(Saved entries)
========
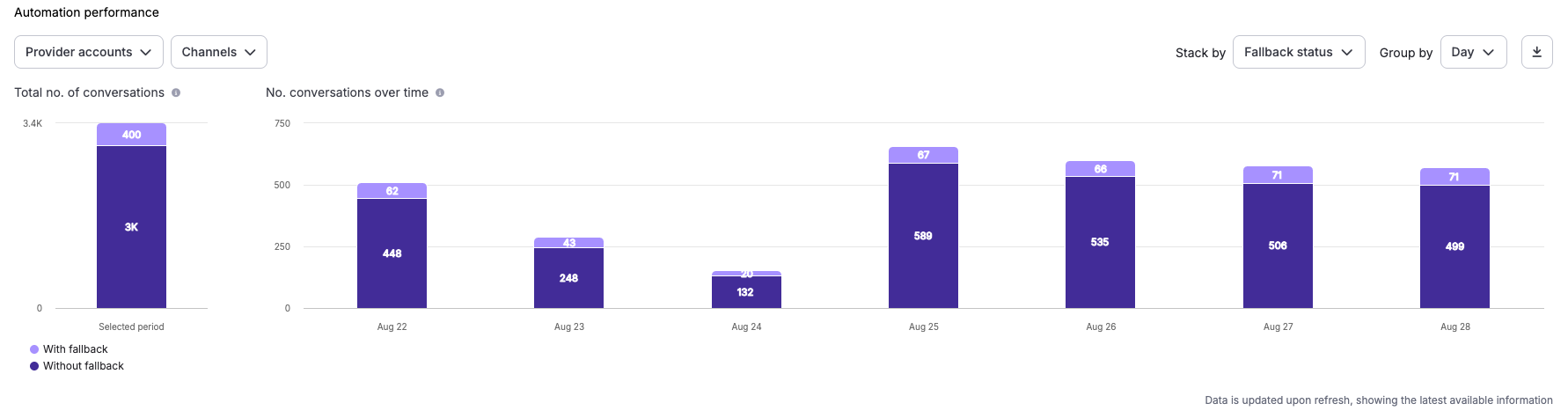 El panel de rendimiento de la automatización agrega datos de conversación en períodos de tiempo configurables y analiza dimensiones clave del éxito de la automatización, incluyendo tasas de escalamiento, interacciones significativas, uso de IA, fallback y rendimiento específico del canal.
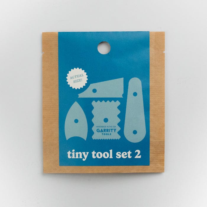 This mini tool set includes a small Foot 8, I1, Texture 8, and S2. They come sealed up in an adorable (and recyclable) bag! You can use these tools on a small wheel or when you’re throwing off the hump to make tiny vessels. They come in handy for centering, adding texture, refining form, and straightening up sides.
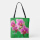 Lila orkidé på grön Totebag Tygkasse
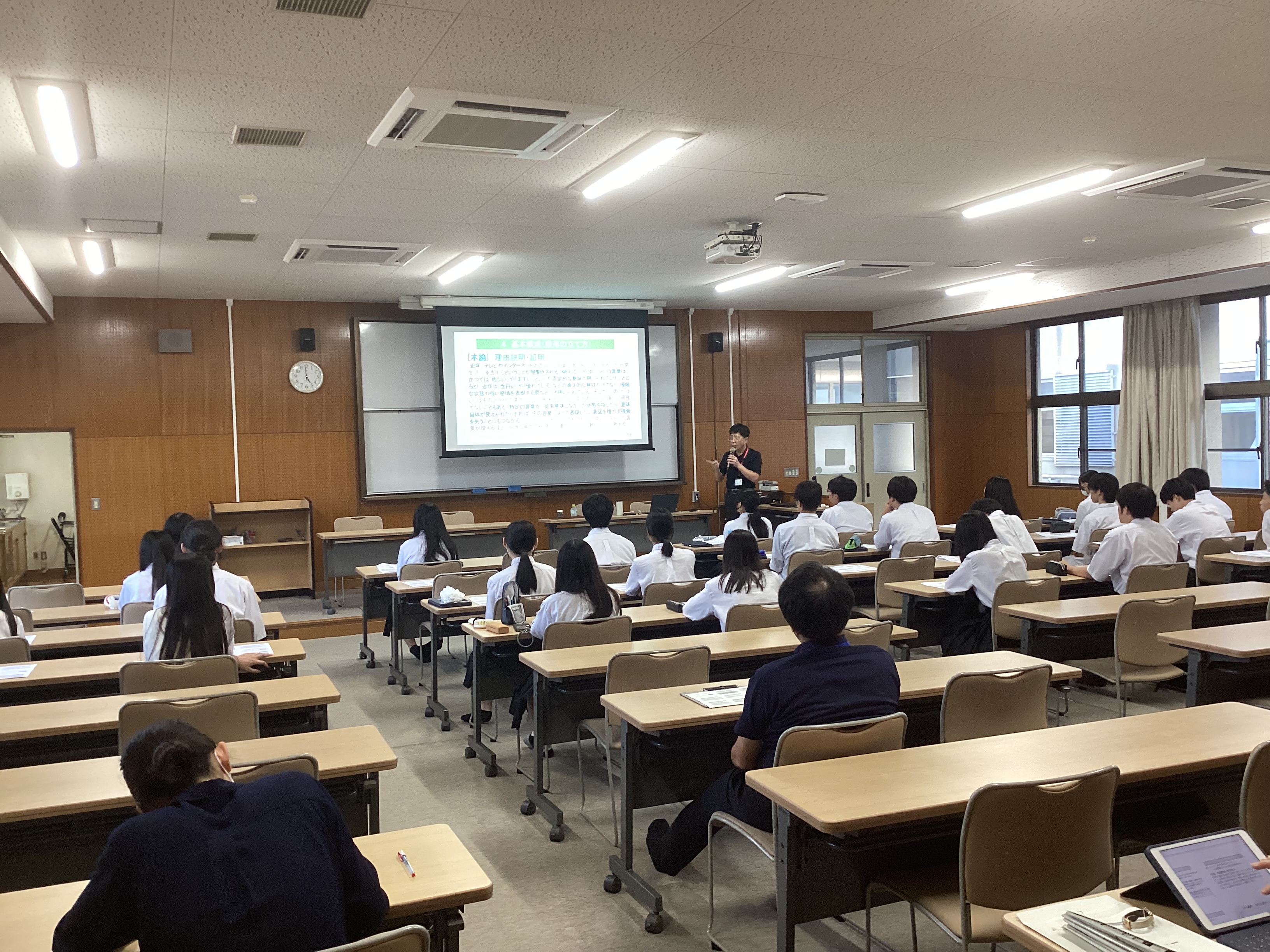 本日、放課後、3年生の希望者を対象に、外部講師による小論文対策講座を実施しました。旺文社蛍雪アドバイザー兼龍谷大学高大連携推進室フェローの堀先生に講義をいただき、小論文の基本や評価基準、説得力を増すための表現の工夫や考えの伝え方ついて理解を深めることができました。
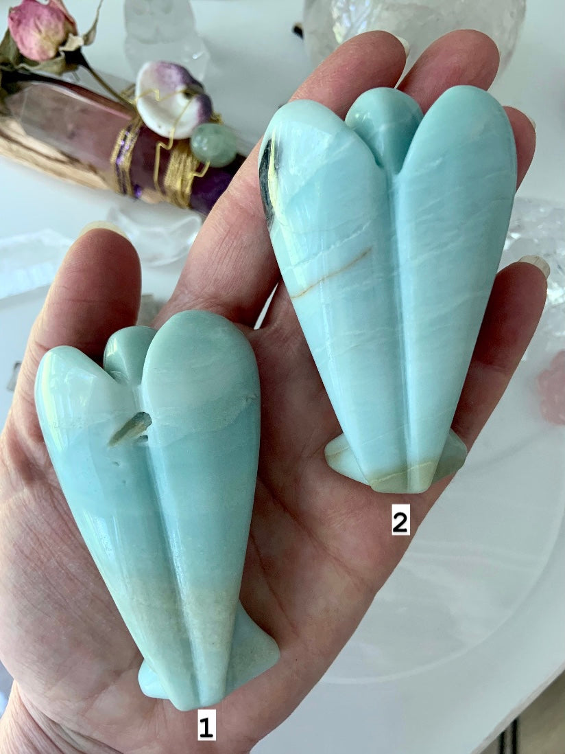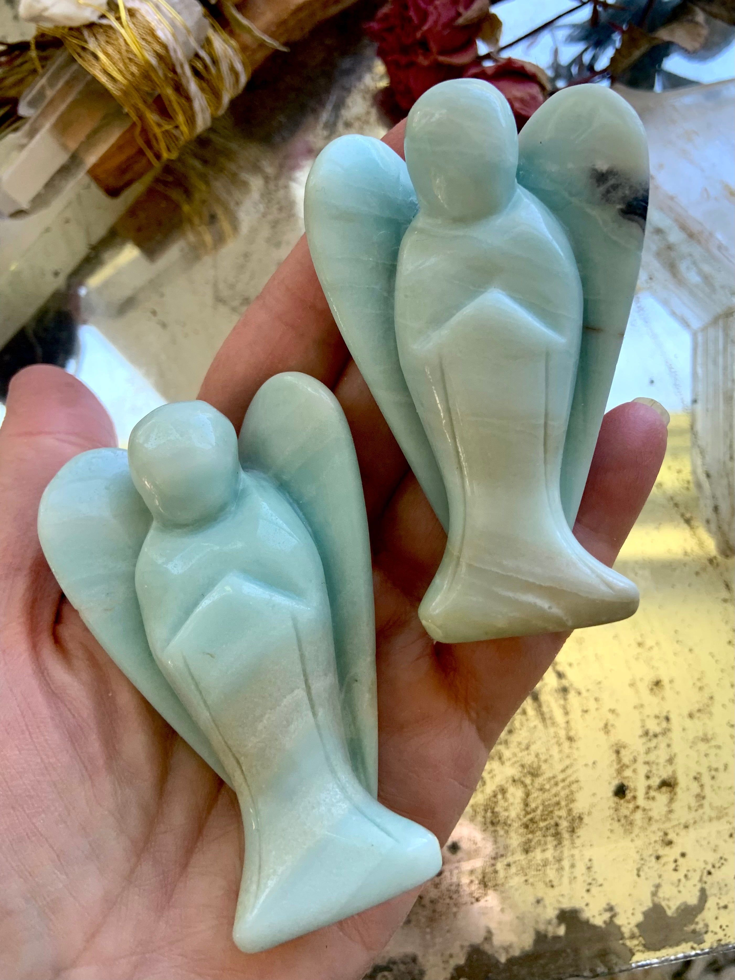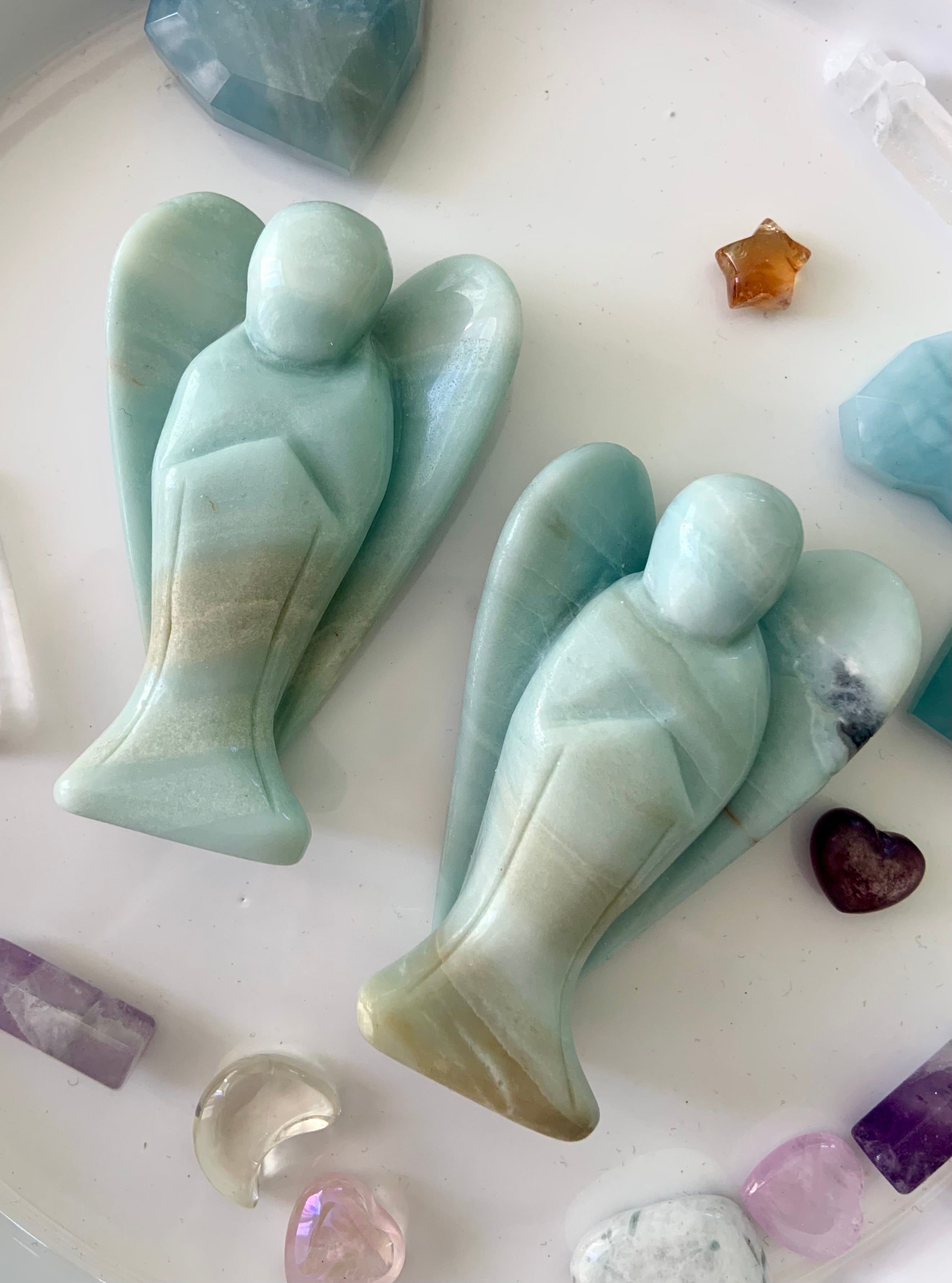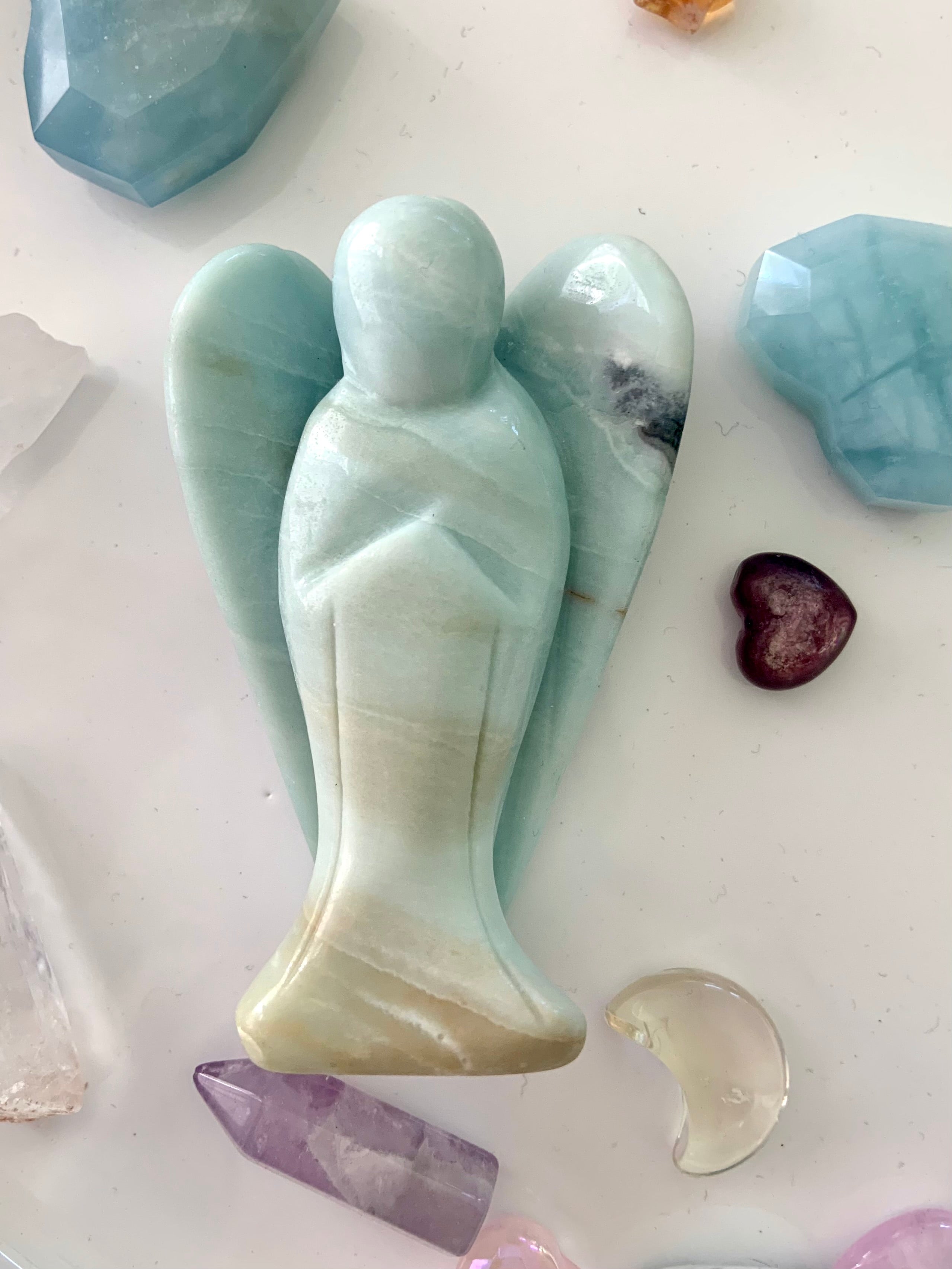 This collection includes Amazonite moons, stars, hearts, and our Heart Chakra Crystal Set, as well as high-quality Ice Amazonite bracelets. You’ll also find a rotating selection of one-of-a-kind spheres, dragons, angels, towers, and jewelry designed to support self-expression, confidence, and emotional clarity.
========
> _Activity_
Retype every entry exactly, but keep the pictures out of your copy.

> _Problem solution_
 El panel de rendimiento de la automatización agrega datos de conversación en períodos de tiempo configurables y analiza dimensiones clave del éxito de la automatización, incluyendo tasas de escalamiento, interacciones significativas, uso de IA, fallback y rendimiento específico del canal.
 This mini tool set includes a small Foot 8, I1, Texture 8, and S2. They come sealed up in an adorable (and recyclable) bag! You can use these tools on a small wheel or when you’re throwing off the hump to make tiny vessels. They come in handy for centering, adding texture, refining form, and straightening up sides.
 Lila orkidé på grön Totebag Tygkasse
 本日、放課後、3年生の希望者を対象に、外部講師による小論文対策講座を実施しました。旺文社蛍雪アドバイザー兼龍谷大学高大連携推進室フェローの堀先生に講義をいただき、小論文の基本や評価基準、説得力を増すための表現の工夫や考えの伝え方ついて理解を深めることができました。
 This collection includes Amazonite moons, stars, hearts, and our Heart Chakra Crystal Set, as well as high-quality Ice Amazonite bracelets. You’ll also find a rotating selection of one-of-a-kind spheres, dragons, angels, towers, and jewelry designed to support self-expression, confidence, and emotional clarity.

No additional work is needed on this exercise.